Are there any drawbacks?

The downside of messenger RNA is its fragility, which leads to significant practical hurdles. To keep from degrading, Pfizer's vaccine must be stored at minus 94 degrees Fahrenheit, roughly the winter temperature of the South Pole. "That's a tremendous logistical issue," said Gregory Poland, a vaccine researcher at the Mayo Clinic. Pfizer has devised suitcase-size shipping boxes that can keep vials sufficiently cold for up to 10 days using dry ice. But the temperature requirement is likely to limit that vaccine's distribution to urban hubs. Moderna's vaccine, however, can be stored in normal medical refrigerators. Both vaccines require two inoculations several weeks apart. Persuading hundreds of millions of Americans to return at the right interval adds another complication to an already daunting undertaking.

What about safety?

So far, the only side effects that have been reported by some recipients are fatigue, fever, joint pain, headaches, and soreness in the injection site lasting a day or two. Close monitoring of the study subjects will continue, but adverse vaccine effects typically surface early. Still, when tens of millions of people get the vaccines, "you can never rule out that there won't be someone out there who might respond in an abnormal way," said Robin Shattock, an immunology expert at Imperial College London.

When can I get one?

Both companies have manufactured tens of millions of doses and are ready to hit the ground running when approval is granted. Still, mass inoculation will take at least four to six months. It's "the largest, most complex vaccination program ever attempted," said Kelly Moore of the Immunization Action Coalition.
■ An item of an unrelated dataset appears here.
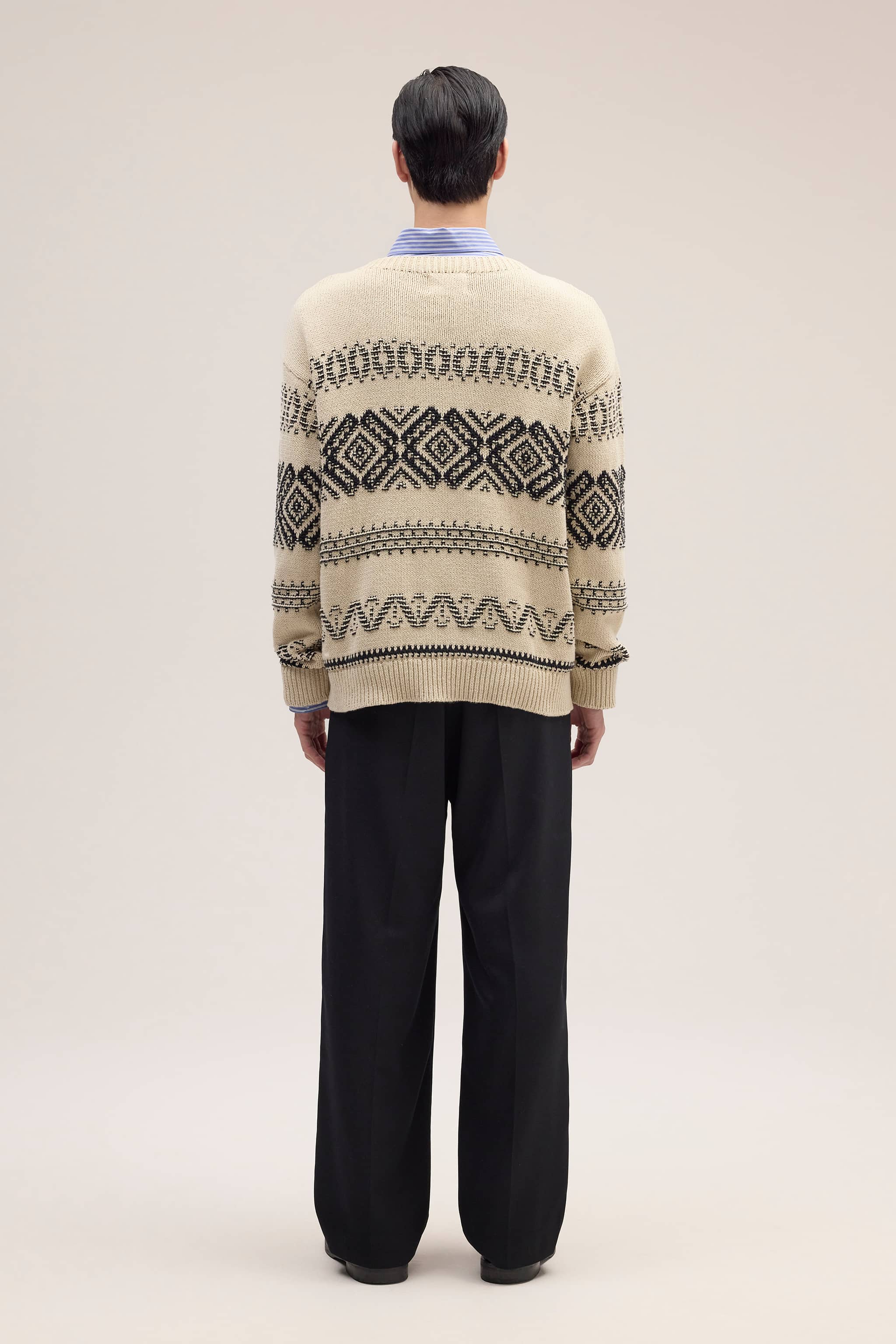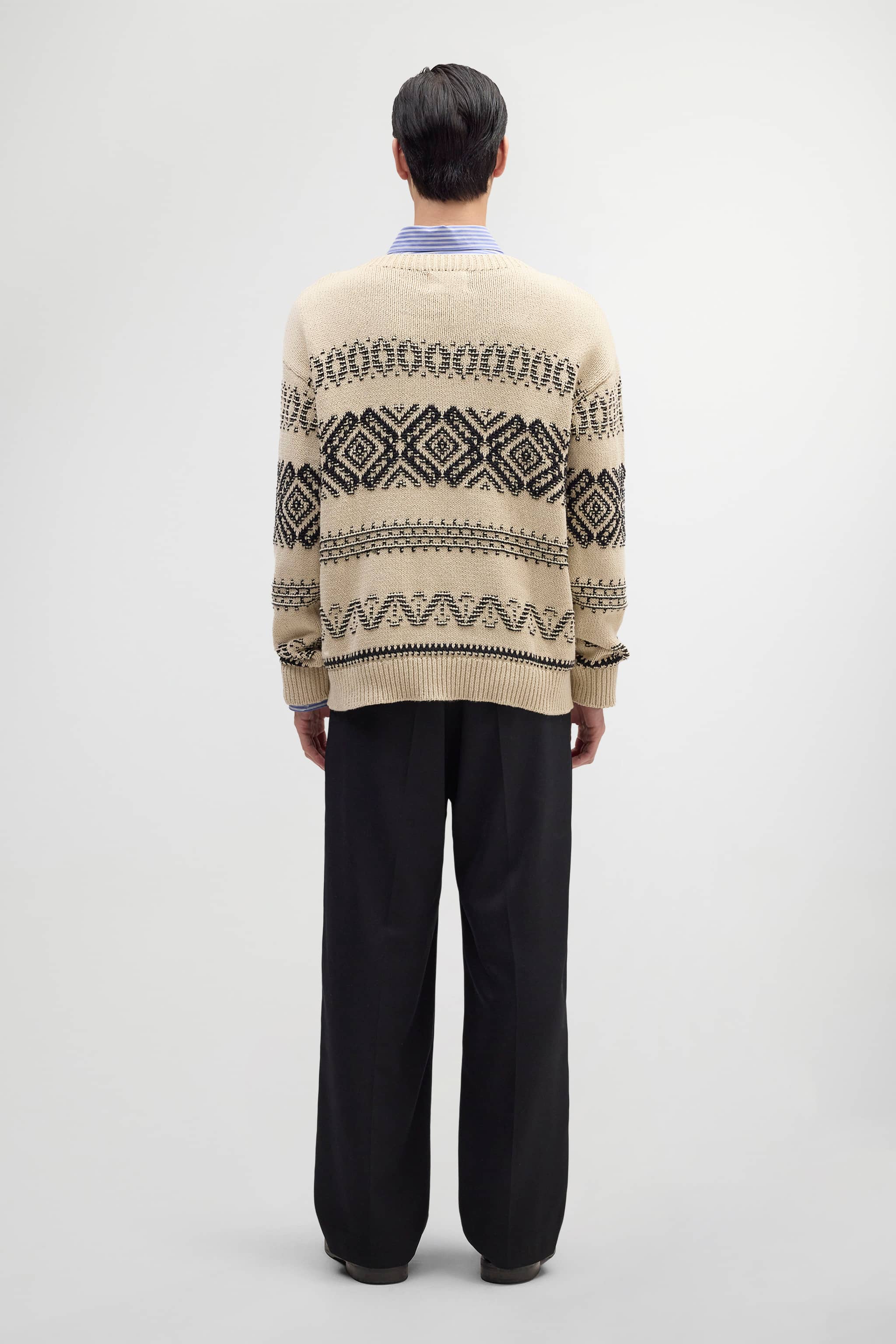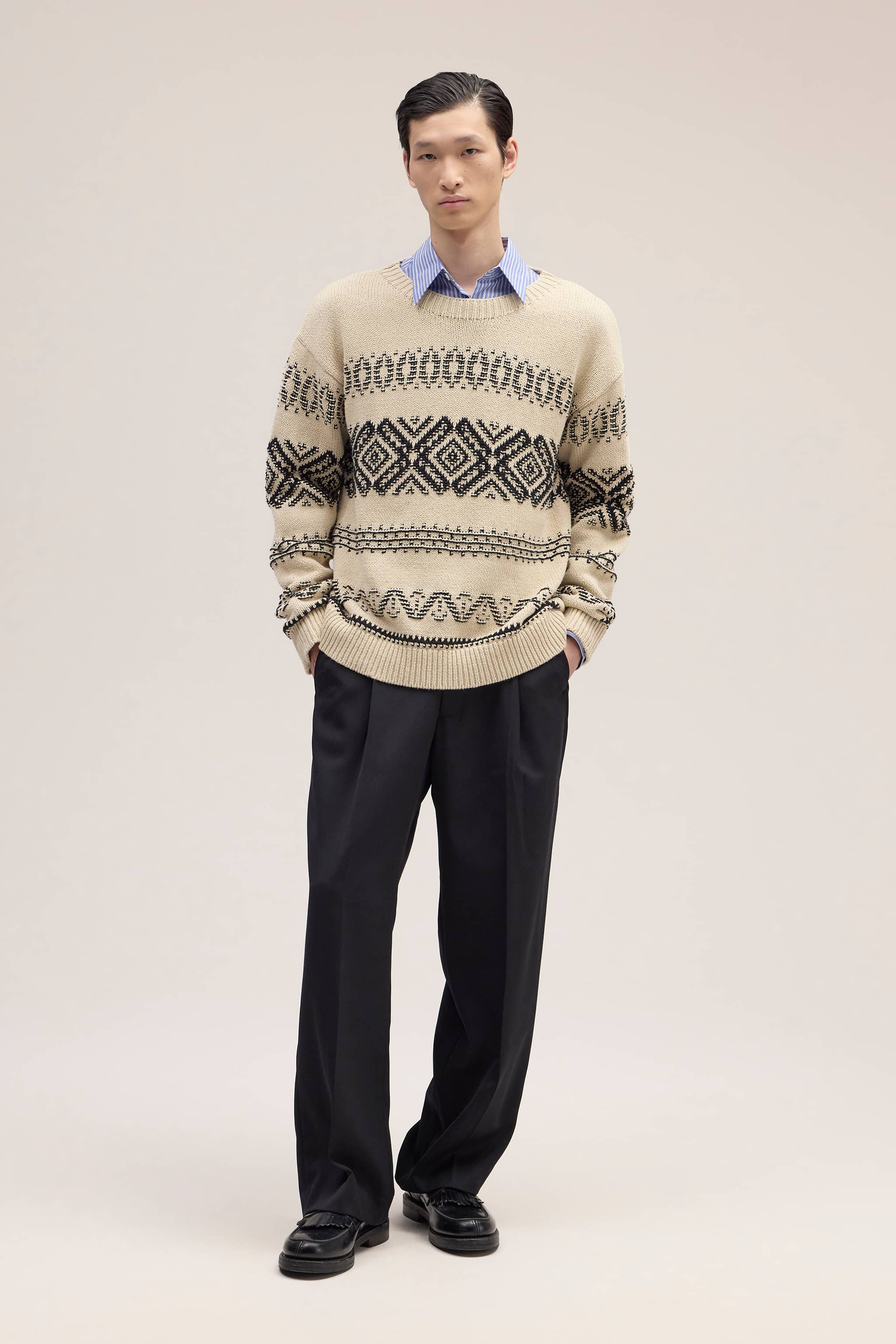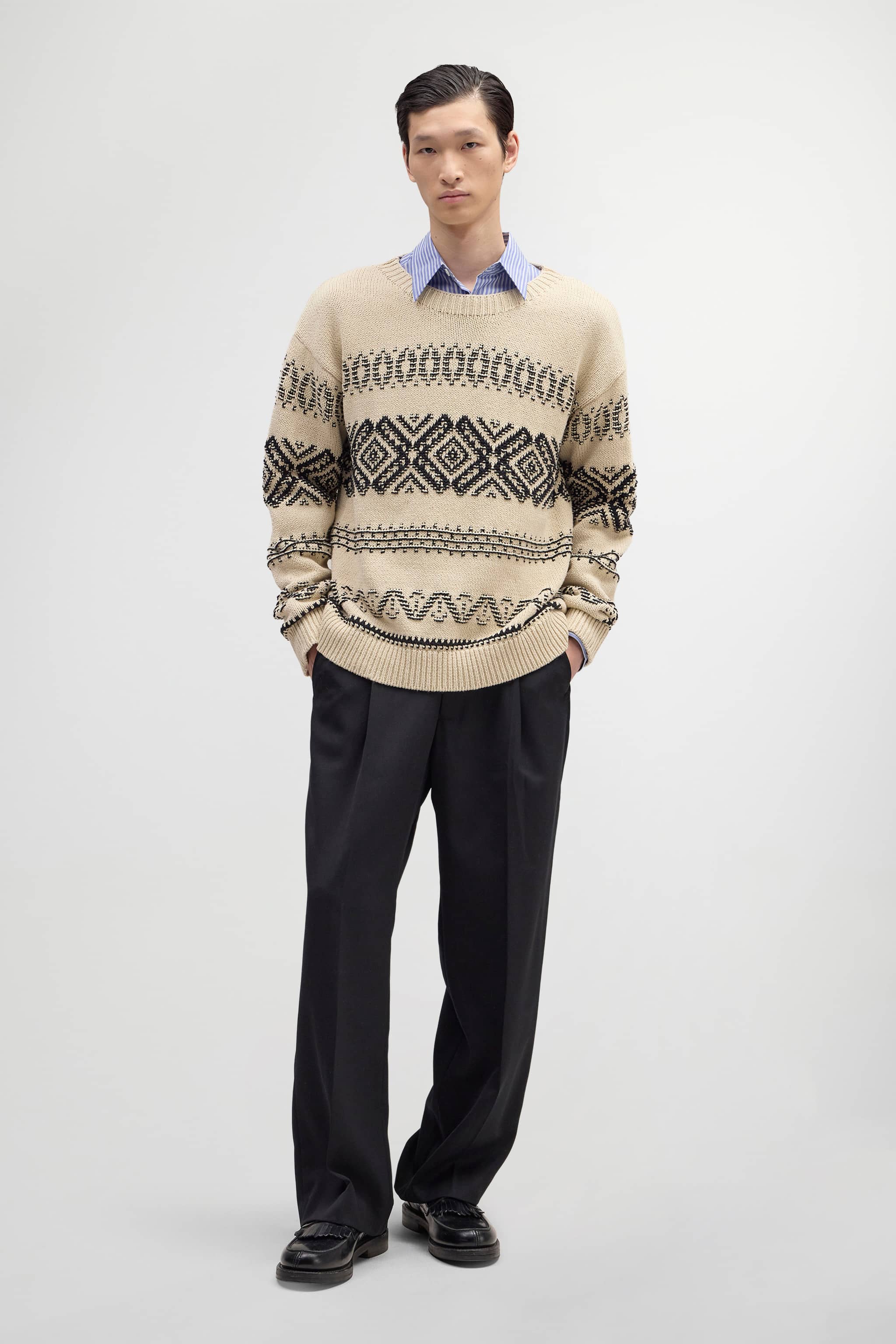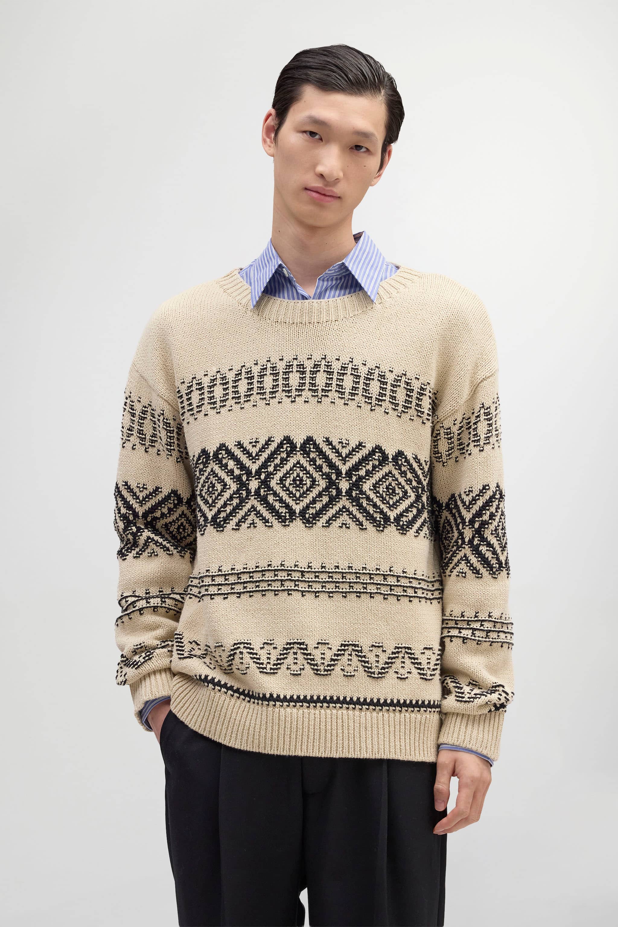 Chunky jacquard-patterned crew neck sweater in a relaxed fit made from organic cotton. Designed with a dry hand feel and a bold, playful aesthetic.

Health-care workers will be first in line, and are likely to exhaust the 45 million doses (enough for 22.5 million people) that will be available in December and perhaps January. After that, priority is likely to be given to the elderly, essential workers such as police officers and firefighters, and those with underlying medical conditions. For the general population, experts say, we're looking at spring or early summer.

The enormous promise of mRNA

The excitement over mRNA vaccines' early success extends well beyond what it means for the coronavirus pandemic. The trial data offer the first solid evidence for a technology whose potential has excited researchers for years, and hold out great promise for the fight against other diseases. Experts say genetic technology could improve vaccines for the flu and other infectious diseases. It has the potential to create a new category of medicines, opening the door to treatments for heart disease, cancer, and autoimmune diseases. Moderna is currently testing the viability of an mRNA-based cancer therapy that's customized for each patient based on the mutations found in their tumor cells, and BioNTech, Pfizer's German partner, is working on vaccines to treat breast, skin, and pancreatic cancer. With a platform now in place, the mRNA coronavirus vaccines also offer a model for creating vaccines for future pandemics at previously unimaginable speed — weeks or months instead of years. "'Historic' isn't even the right word," says Larry Corey, a virologist at the Fred Hutchinson Cancer Center in Seattle. "It's just an amazing accomplishment of science."